Slotkin leads new bill to punish parents for not securing guns from children who use them

Two weeks after a shooting at Oxford High School left four students dead, Rep. Elissa Slotkin says she had to respond to this tragedy - by working to prevent another one like it, in the future.

The suspected shooter, Ethan Crumbley, used a gun that his parents purchased for him. They are now facing manslaughter charges.

"All across the country we happen to have kids who are getting their hands on weapons, because their parents have guns In the house and don’t secure them," said Slotkin (D-8th District)

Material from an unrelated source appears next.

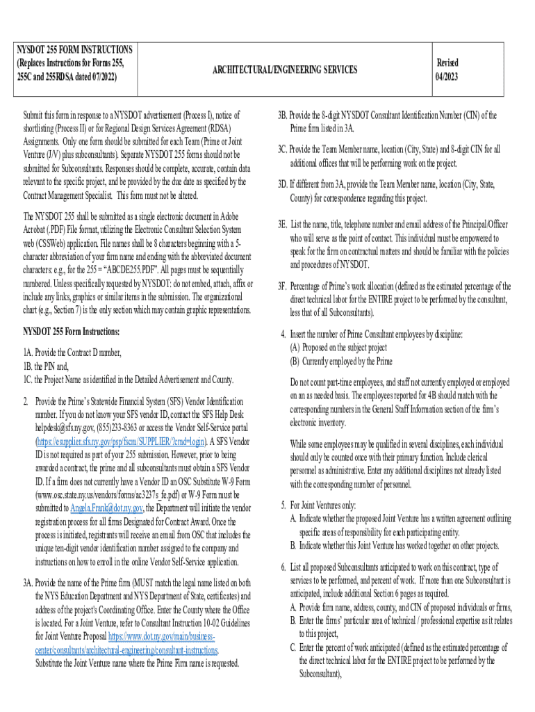NYSDOT 255 FORM INSTRUCTIONS (Replaces Instructions for Forms 255, 255C and 255RDSA dated 07/2022)ARCHITECTURAL/ENGINEERING SERVICESSubmit this form in response to a NYSDOT advertisement (Process

On Wednesday, Congresswoman Slotkin introduced legislation that requires the safe storage of guns, called the Safe Guns Safe Kids Act.

"If you’re going to be a responsible gun owner and you have children in the home, you have to lock it up," she said. "You have to put it in the safe, you have to put it in a secure location.

"If that child goes on to commit a crime or hurt others, you could be liable, you could be held accountable criminally for up to five years in prison."

Some gun owners FOX 2 spoke to applaud the law and hope it will get passed.

"They should face jail time," said Mattie Williams, a gun owner, Southfield.

"The law should be passed," said Harold Hogue, a gun owner. "You've got to face the consequences for your errors."

Slotkin says she has GOP support from across the aisle.

"I’ve heard from a lot of Republicans who say yeah it just makes sense," she said.

As for critics who believe this law is an infringement on the rights of some citizens, Slotkin offers this argument:

"This isn’t about your gun, this is about kids' safety," she said.

Slotkin believes in passing the Safe Guns Safe Kids Act will save lives.

"There’s an accidental shooting by a child, one a day in this country and 91 percent of the victims are other children. It’s children killing children."

Slotkin believes the Safe Guns Safe Kids Act can bring about a positive change

"We want to get Republican and Democratic co-sponsors on the bill, and then my hope would be as we head into early next year, that we get time to actually bring it to a vote," she said.